Комик с наслаждением выпил, крякнул, но тотчас же вытаращил глаза. Лицо у него вдруг побледнело, на лбу выступил пот. — Ещё пей! — предложил Гребешков.

В молодые годы Чехов любил побравировать своим всесторонним и подробным знанием жизни — наконец, он был медиком. И это навсегда оставалось при нём — и это стоит помнить. Но очень скоро бравирование стало уходить в туман, Чехов стремительно серьёзнеть, а взгляд его на жизнь и человека становиться всё более умудрённым, терпеливым и сострадательным. Взгляд опытного, теперь уже духовного врача. То, что могло было поводом для смеха и писательской бравады в молодости, теперь становилось поводом для слёз и глубоких дум. А ещё через годы — ближе к концу — «смех» вернулся преображённым сокрушённой и смиренной Соломоновой мудростью, познавшей и неодолимое упорство человеческого своеволия и богоборчества, и долготерпеливое Милосердие Божие, не желающее смерти грешника, «но еже обратитися и живу быти ему»[18], и неотвратимость исполнения духовных законов жизни и наказаний Божиих — крестов, вырастающих на почве греховности человеческих сердец… Теперь это был иной смех, кажущийся «трагикомическим». А каким иным земным термином — или гоголевским «смехом сквозь слёзы»? — ещё можно было бы обозначить плоды подлинного духовного проживания и осмысления жизни, в итоге которого взгляд человека обретает истинное мужество без иллюзий, мудрость, целомудрие и правду — все те четыре главные христианских добродетели, о которых учил священномученик Пётр Дамаскин. Это ви; дение жизни соединяет в себе

в земном недуховном понимании несоединимое: радость и плач — в радостотворном плаче, в котором «сеющие слезами радостью пожинают»[19], скорбь претворяется в радость, и радость такую, которую «никтоже возмет» от нас[20]

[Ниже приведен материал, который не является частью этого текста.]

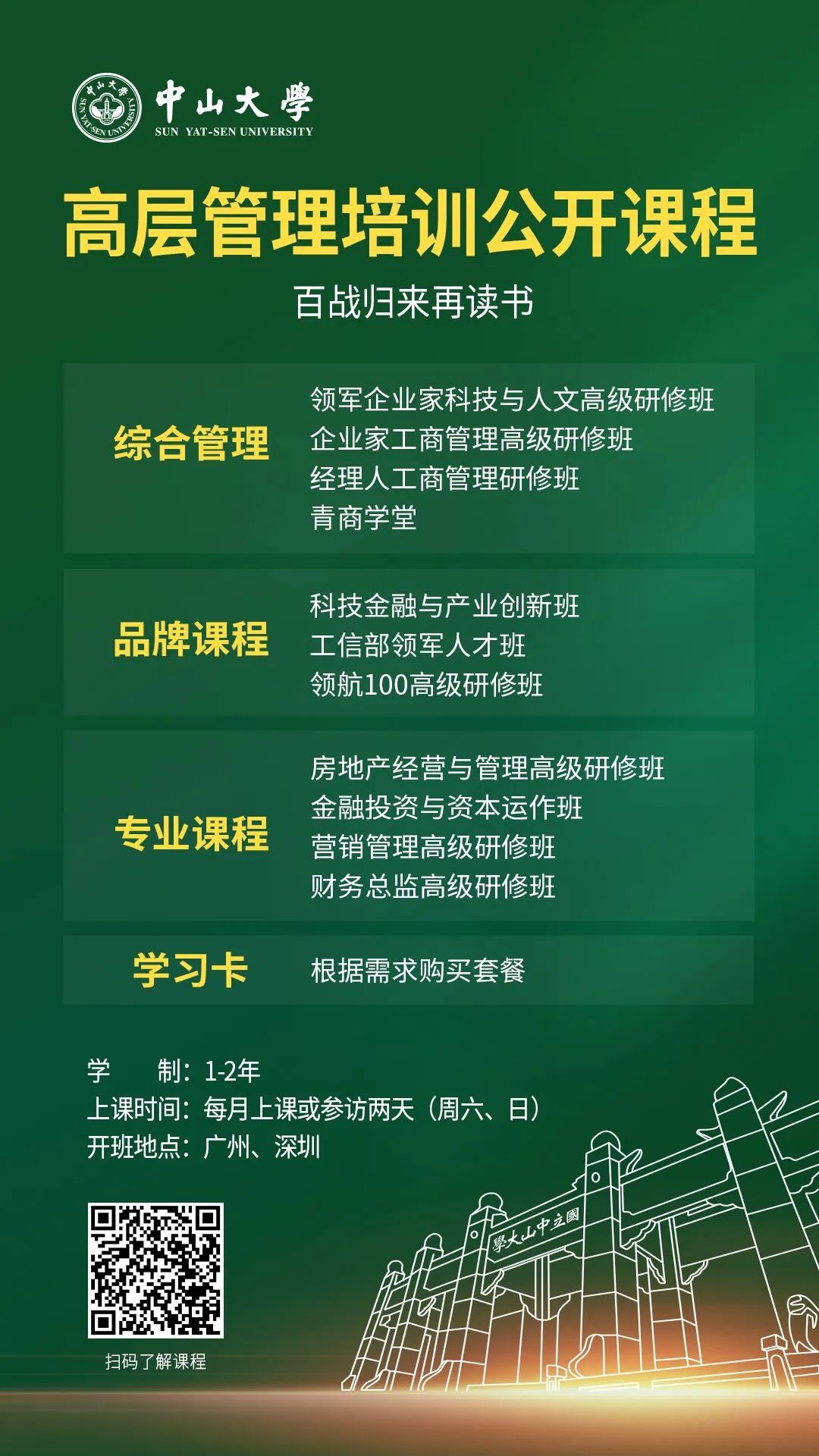 逸企播报:“学在中大,追求卓越”,为校友传递学校及企业管理培训的最新动态。

Каких глубин души человеческой касается в том рассказе «Письмо» двадцативосьмилетний Чехов — ещё до Сахалина, до явного умирания в открытой чахотке, до многих других скорбей и потерь!

Наказующие и без тебя найдутся, а ты бы для родного сына милующих поискал! Я… я, братушка, выпью… Последняя… Прямо так возьми и напиши ему: прощаю тебя, Петр! Он пойме-ет! Почу-увствует! Я, брат… я, дьякон, по себе это понимаю. Когда жил как люди, и горя мне было мало, а теперь, когда образ и подобие потерял, только одного и хочу, чтоб меня добрые люди простили. Да и то рассуди, не праведников прощать надо, а грешников. Для чего тебе старушку твою прощать, ежели она не грешная? Нет, ты такого прости, на которого глядеть жалко… да! Анастасий подпер голову кулаком и задумался.

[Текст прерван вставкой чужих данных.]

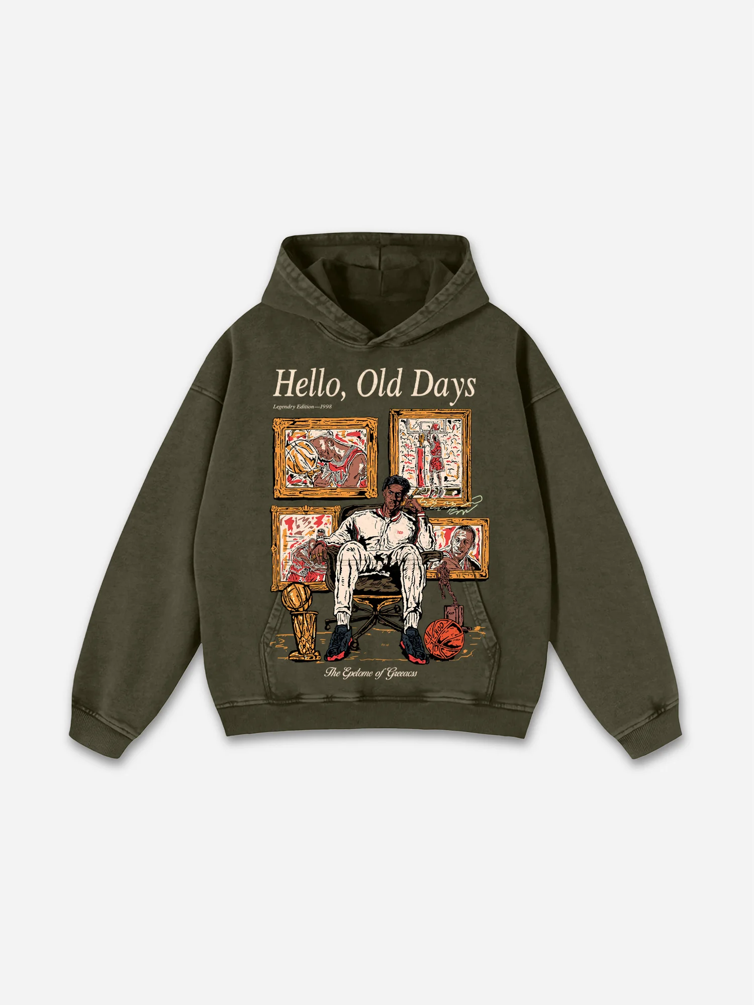 Buy your Vintage Old Times Graphic Acid Washed Oversized Hoodie Army Green now before it sells out. Limited stock available.

«Анастасий, наверное, до заутрени не доживёт, напьётся…» — добавлял к этому тексту о. Александр Шмеман свой комментарий, отдавая дань правдивости Чехова (дело-то шло о Пасхальной заутрени) и при этом тонко искажая и уклоняя милостивость, свойственную чеховскому воззрению на жизнь и человека, в свою сторону, несомненно обделяя это воззрение объёмом, многозначностью, а в итоге поистине неисчерпаемым и точных христианским звучанием. Тонкий, незаметный, но убийственный в плане христианского воспитания человека сдвиг духовно-нравственных акцентов.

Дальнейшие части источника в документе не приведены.